Heute wird in ganz Österreich geplattelt. In jedem Bundesland von Vorarlberg bis Wien haben die Vereine den Tanz "Schuhplattler" aufgegriffen und pflegen ihn bis heute.

Auch in unserem Verband, dem Verband der Heimat und Trachtenvereine Linz und Umgebung wird diese Tradition gepflegt. Von den 35 angeschlossenen Vereinen haben rund die Hälfte eine Plattlergruppe. Wobei jede Gruppe seine eigenen für den Heimatort spezifischen Plattler hat, die bei verschiedenen Anlässen aufgeführt werden.

Die sogenannten Verbandsplattler, Linzerbua, Schneeberge und Steffl sind aber im ganzen Gebiet gleich. Immer wenn sich befreundete Vereine bei diversen Veranstaltungen treffen, könne diese drei miteinander aufgeführt werden.Die Beschreibung dieser drei Plattler findet ihr weiter unten.

Der Verband ist steht’s bestrebt die Tradition des Schuhplattelns in ihren Ursprüngen zu erhalten. Er bietet dazu regelmäßig Schulungen und Plattlerseminare an.
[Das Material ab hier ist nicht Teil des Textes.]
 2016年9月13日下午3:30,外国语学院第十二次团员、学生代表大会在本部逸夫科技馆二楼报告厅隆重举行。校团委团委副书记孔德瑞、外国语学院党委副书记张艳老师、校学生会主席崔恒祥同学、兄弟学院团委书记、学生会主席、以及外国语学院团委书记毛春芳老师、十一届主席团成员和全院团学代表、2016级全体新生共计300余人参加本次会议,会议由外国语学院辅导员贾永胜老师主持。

Dort können die Mitglieder neue Plattler erlernen, alte auffrischen und etwas über den geschichtlichen Hintergrund erfahren. Auch die Musiker werden dort geschult. Weiters besteht die Möglichkeit die Vorplattler des Verbandes zu einem Vereinsbesuch einzuladen.
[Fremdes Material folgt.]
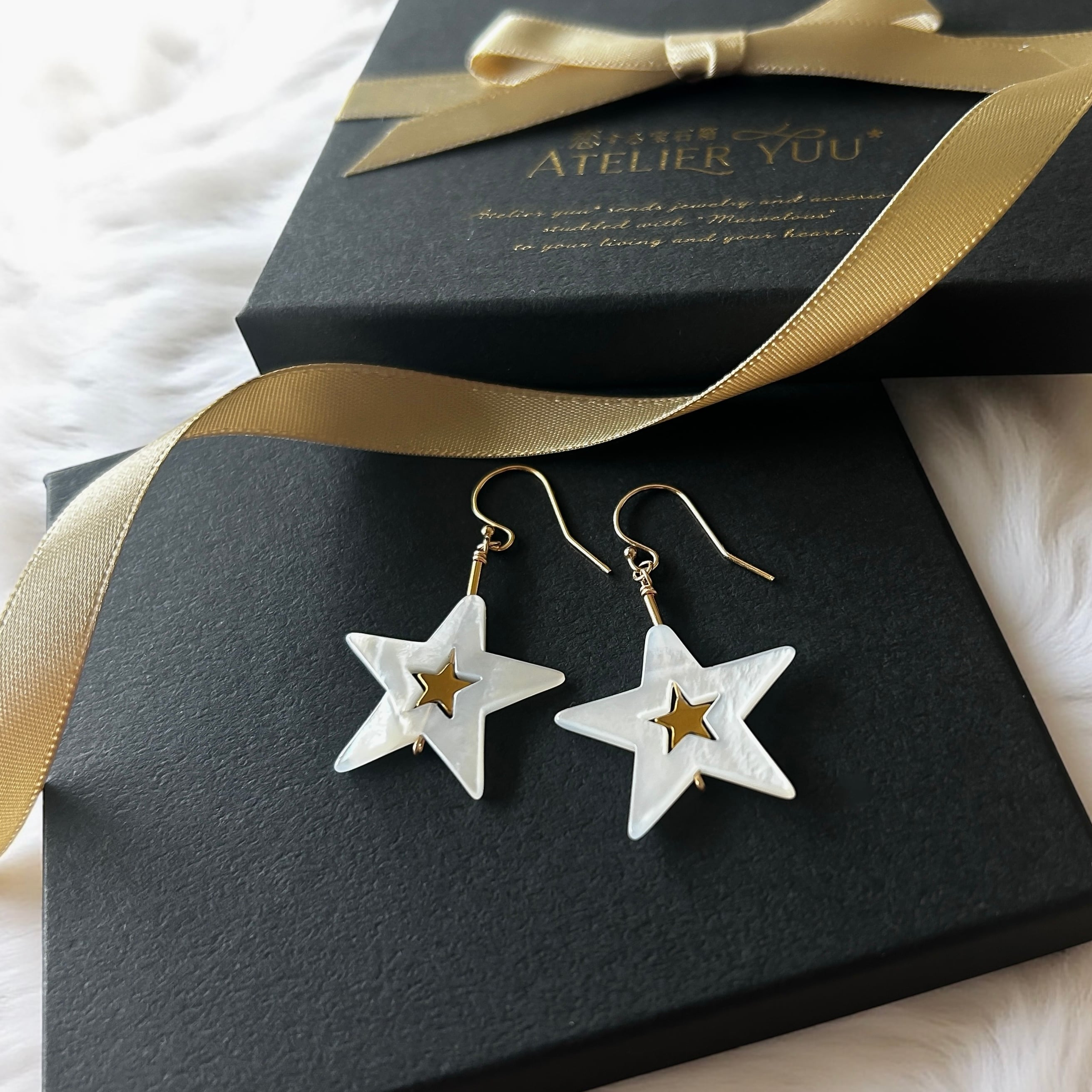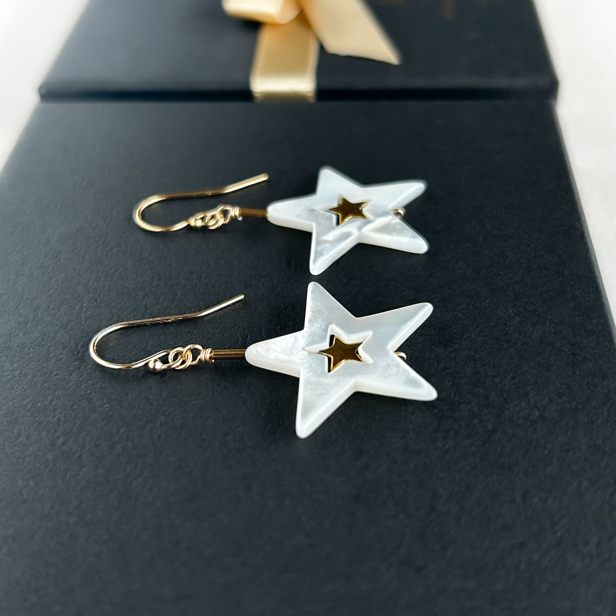 白蝶貝の星に、小さなゴールドの光をはめ込んだ

Wie bereits erwähnt wird der Schuhplattler immer mehr zu einem Schauplattler. Der Fremdenverkehr hat dazu wohl nicht unbeträchtlich beigetragen. Selbstverständlich sollten wir unsere Tänze mit den Gästen die sich für unsere Heimat - unsere Tradition - interessieren teilen. Wenn wir die Plattler aber verändern nur damit sie auf die Gäste spektakulärer wirken, sind wir dabei unsere Tradition zu verkaufen. An erster Stelle sollte immer die Brauchtumspflege und die eigene Freude am Schuhplatteln stehen und nicht die Vermarktung und Wirtschaftlichkeit unserer Tätigkeit. Wenn wir uns darauf besinnen wird dem Schuhplattler auch weiterhin ein Platz in unseren Herzen sicher sein. Ich bin überzeugt, dass wir langfristig damit auch bei den Urlaubsgästen einen besseren Eindruck hinterlassen. Arbeiten wir in diesem Sinne weiter, dann können wir stolz auf unser Jahrhunderte altes Brauchtum sein.